Failure to Monitor and Intervene for Residents at Risk of Self-Harm
Penalty
Summary
The facility failed to provide necessary monitoring and supervision for a resident with a known history of suicidal ideation and prior incidents involving the acquisition of knives. Despite documented evidence of the resident's mental health diagnoses, including major depressive disorder and previous threats and attempts of self-harm, the facility did not implement or document consistent safety interventions such as regular room searches or removal of sharp objects. The resident was able to keep multiple knives in his room, which were ultimately used in a fatal self-inflicted injury. Staff interviews revealed that although the resident had previously been placed on one-to-one supervision and had knives confiscated, there was no ongoing system to prevent the reintroduction of dangerous items, nor was there documentation of education or consistent safety checks. The facility also lacked a timely and accurate system for screening residents for suicide risk. The suicide risk assessment tool in use was not applied as intended; staff responsible for completing the assessments altered the scores from moderate to low risk without clinical justification, and did not repeat screenings quarterly or after significant changes in condition or new threats of self-harm. This practice was not limited to one resident; multiple residents with moderate risk scores had their assessments inappropriately lowered, and corresponding care plans were not developed or updated to address the actual risk level. Documentation showed that care plan interventions for suicide risk were either not implemented or were only to be used "as warranted," with no clear criteria or consistent application. The failure to accurately identify, monitor, and intervene for residents at risk of self-harm resulted in a resident sustaining fatal self-inflicted stab wounds. The lack of a systematic approach to suicide risk screening, care planning, and environmental safety checks placed all residents with a history of suicidal ideation at risk. The deficiency was identified as Immediate Jeopardy due to the facility's lack of effective interventions and processes to protect residents from harm.
Removal Plan
- R5 - R17's suicide risk screening has been reviewed, reassessed and revised.

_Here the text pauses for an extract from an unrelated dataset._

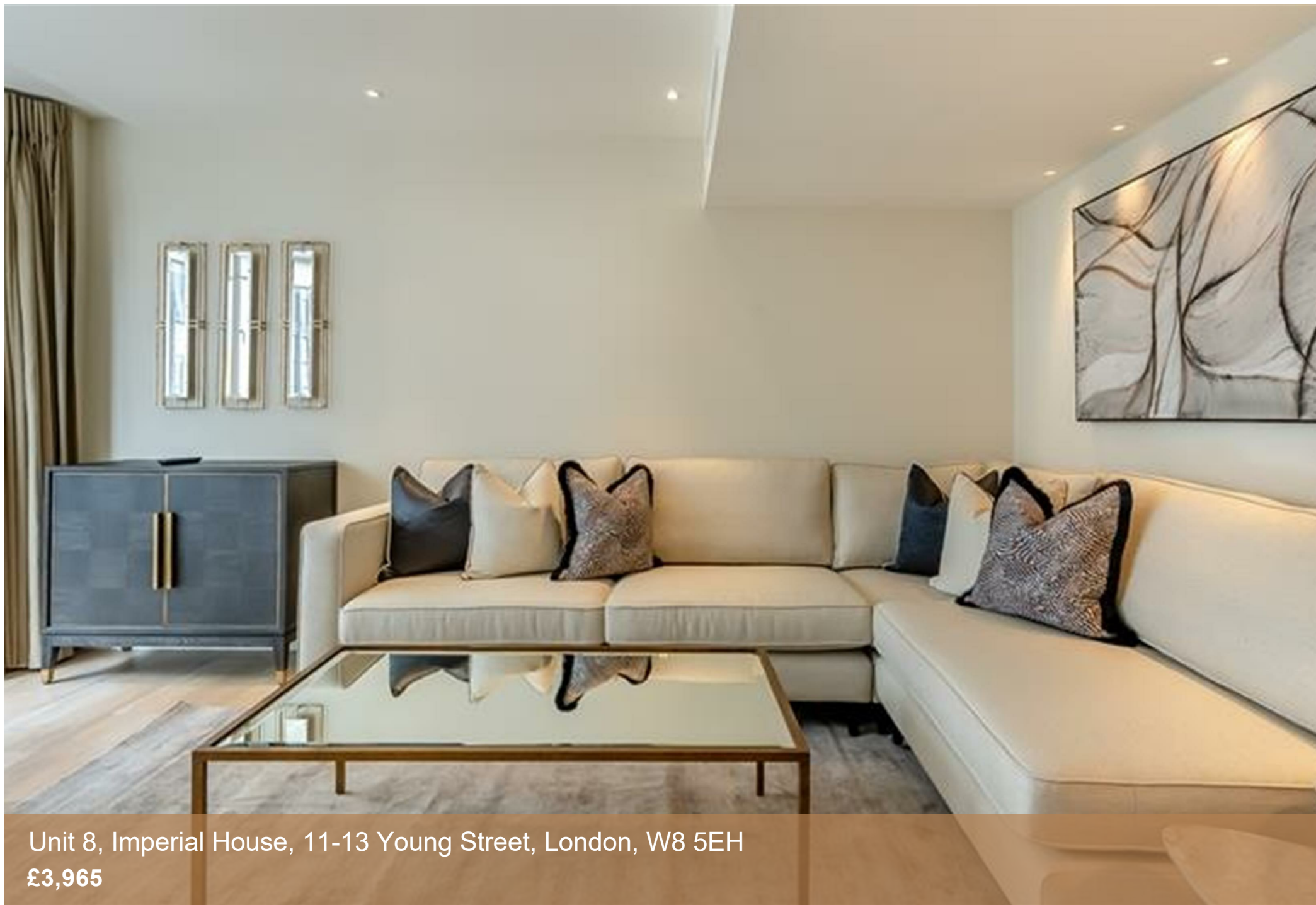
Unit 8, Imperial House, 11-13 Young Street, London, W8 5EH £3,965

- R5 - R17's Care plans were audited to ensure appropriate interventions are in place and were updated as necessary.
- All residents' self-harm care plans were reviewed and updated as necessary by Social Service Director (SSD), MDS coordinator and or designee.
- The facility identified no other residents who were at risk of self-harm and had a significant history of obtaining knives or other potential weapons identified via audit /record review.

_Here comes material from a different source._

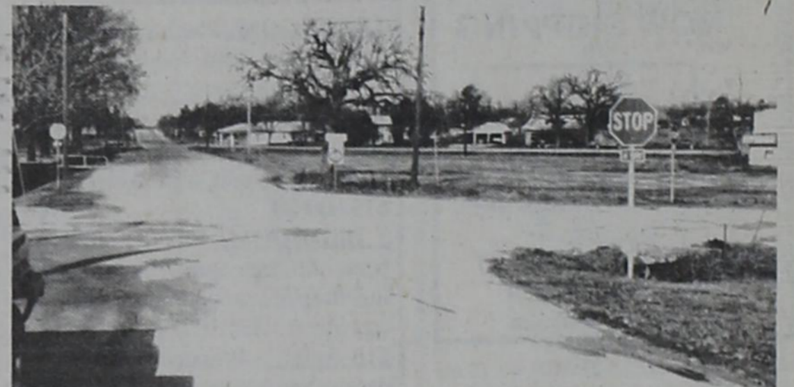
NEW FOUR WAY STOPS - On the Lexington and Kent Street crossing is now a Four Way Stop. The new signs were installed last week. Please watch for these new inovations around the school to help control traffic flow.

- Of those residents who did have a suicide ideation/verbalization there were no significant findings identified via room search, placing them at risk for self-harm.
- All residents' suicide risk screenings were audited and updated as necessary.

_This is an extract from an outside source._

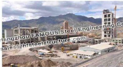
BOLIVIA Cement Plant 3,655.72 tons in the first phase 7,200 tons in the second phase
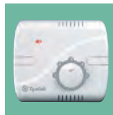
Time delay unit DT20B Ref. 21850AW

- All residents self-harm care plans were reviewed and updated where necessary.
- SSD/designee is responsible for completing suicide risk screening assessments and have been in-serviced by V20 (Consultant Social Worker), V21 (RNC-Regional Nurse Consultant) completing self-harm/suicide risk screening assessments accurately, including properly recording the assessment score, completing timely and accurately with appropriate, individualized interventions in place.
- Suicide risk assessments need to be completed upon admission, quarterly, upon significant changes, and as needed.
- The facility created a process to address the results of the self-harm/suicide risk screening assessment to ensure recommendations from the screening, and measurable care plan interventions are put in place to instruct staff on how to keep residents safe.
- The facility created a policy and guidelines to the self-harm/suicide risk assessment and implemented.
- Nursing staff were in-serviced by DON/ADON (Director of Nursing/Assistant Director of Nursing) to ensure that residents with suicidal ideation will be monitored every shift under behavior monitoring and will be documented in the EMR (Electronic Medical Record).
- Residents with a history of obtaining sharp objects will have room searches conducted during angel rounds as permitted by residents or POA (Power of Attorney).
- An audit tool will be completed by Administrator, DON and or ADON on every resident upon admission, re-admission, quarterly and with significant changes to ensure that suicide risk screening assessments are completed accurately with appropriate individualized care plans as follows: Three times a week for the first two weeks, two times a week for two weeks, one time week for two weeks, and one time a month for two months.
- QAPI (Quality Assurance Performance Improvement) Committee will review for compliance, and determine that compliance has been met.
- An emergency QAPI meeting was held and attended by the Medical Director and interdisciplinary team.